[Opening Dataset entries section]

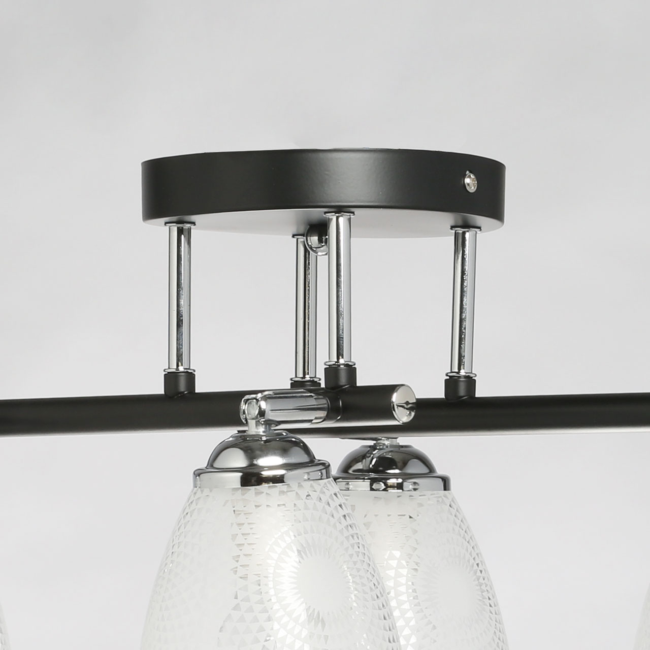 Основание светильника выполнено из металла. Потолочная чаша и рожки окрашены в черный цвет, штанги и держатели плафонов гальванизированы в цвет хрома. Стеклянные плафоны отлиты в форму и матированы по трафарету с оригинальным рисунком.
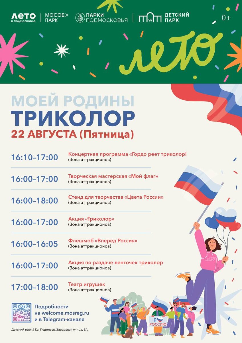 ✨ Фестиваль "Моей Родины триколор* В программе: 🇷🇺 Концертная программа 🇷🇺 Творческая мастерская 🇷🇺Флешмоб «Вперед Россия» 🇷🇺 Акция по раздаче ленточек 🇷🇺 Театр игрушек 🚫 Возраст: 0+ 📆 22.08.2025 🕒 16:00 🏢 Детский парк культуры и отдыха 📍 г. Подольск, мкр. Климовск, ул. Заводская, 6а 💰 Вход свободный❗️ ⭐Разместить публикацию ⭐Поддержать канал голосом 💰 Стань курьером в Подольске – твой доход, твое время! ✅ Мероприятия Подольск https://dzen.ru/id/66ed500f7b5671493eca3fd6 http://vk.com/podolsk_events http://dzen.ru/podolsk_events
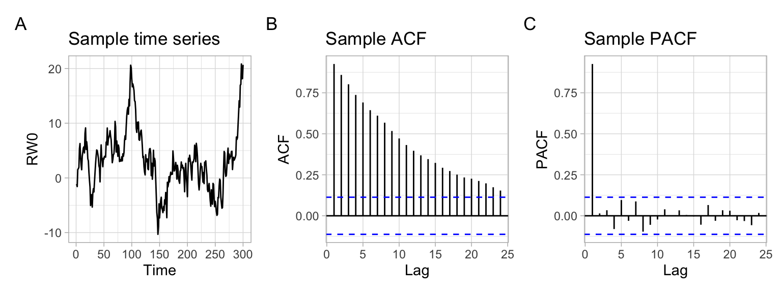 See the plots for the following AR(1) process in Figure 4.4: \[ X_t = \phi_1 X_{t-1} + \epsilon_t, \tag{4.7}\] where \(\epsilon_t \sim N(0,\sigma^2)\), \(\phi_1=0.6\), and \(\sigma = 1\).
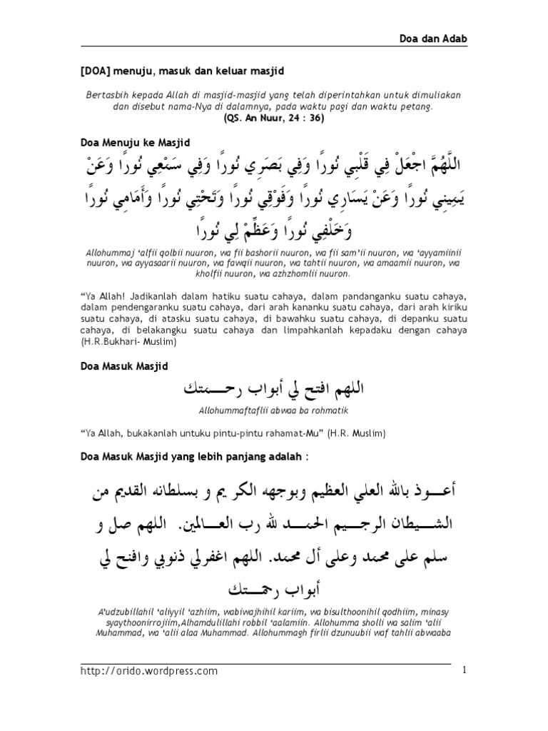 Doa Masuk Dan Keluar Masjid Arab Indo Terjemahan
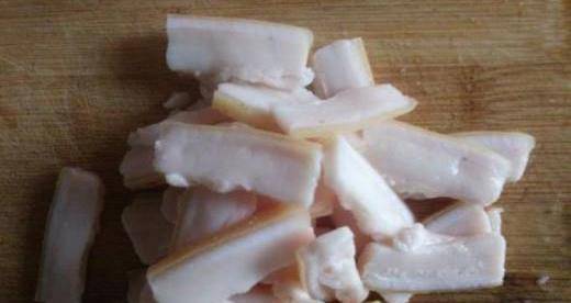 接着把肉片切成小片,小编这里用的是肥肉,炒凉粉油多才好吃,刚好可以利用肥肉煎很多油出来。
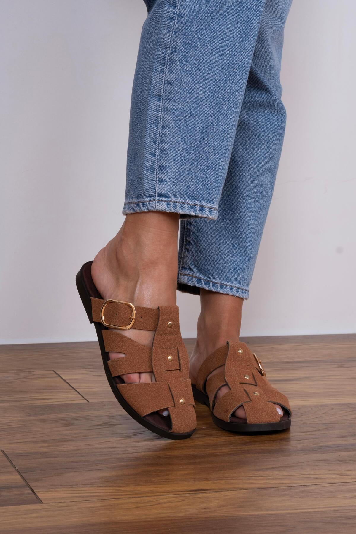 Kemer Detaylı Terlik Taba Süet Kemer Detaylı Terlik Taba Süet R76 40

[Closing Dataset entries section]

| Try it |
Restate the entries above word for word, minus the pictures.

| Reply to the task |
 Основание светильника выполнено из металла. Потолочная чаша и рожки окрашены в черный цвет, штанги и держатели плафонов гальванизированы в цвет хрома. Стеклянные плафоны отлиты в форму и матированы по трафарету с оригинальным рисунком.
 ✨ Фестиваль "Моей Родины триколор* В программе: 🇷🇺 Концертная программа 🇷🇺 Творческая мастерская 🇷🇺Флешмоб «Вперед Россия» 🇷🇺 Акция по раздаче ленточек 🇷🇺 Театр игрушек 🚫 Возраст: 0+ 📆 22.08.2025 🕒 16:00 🏢 Детский парк культуры и отдыха 📍 г. Подольск, мкр. Климовск, ул. Заводская, 6а 💰 Вход свободный❗️ ⭐Разместить публикацию ⭐Поддержать канал голосом 💰 Стань курьером в Подольске – твой доход, твое время! ✅ Мероприятия Подольск https://dzen.ru/id/66ed500f7b5671493eca3fd6 http://vk.com/podolsk_events http://dzen.ru/podolsk_events
 See the plots for the following AR(1) process in Figure 4.4: \[ X_t = \phi_1 X_{t-1} + \epsilon_t, \tag{4.7}\] where \(\epsilon_t \sim N(0,\sigma^2)\), \(\phi_1=0.6\), and \(\sigma = 1\).
 Doa Masuk Dan Keluar Masjid Arab Indo Terjemahan
 接着把肉片切成小片,小编这里用的是肥肉,炒凉粉油多才好吃,刚好可以利用肥肉煎很多油出来。
 Kemer Detaylı Terlik Taba Süet Kemer Detaylı Terlik Taba Süet R76 40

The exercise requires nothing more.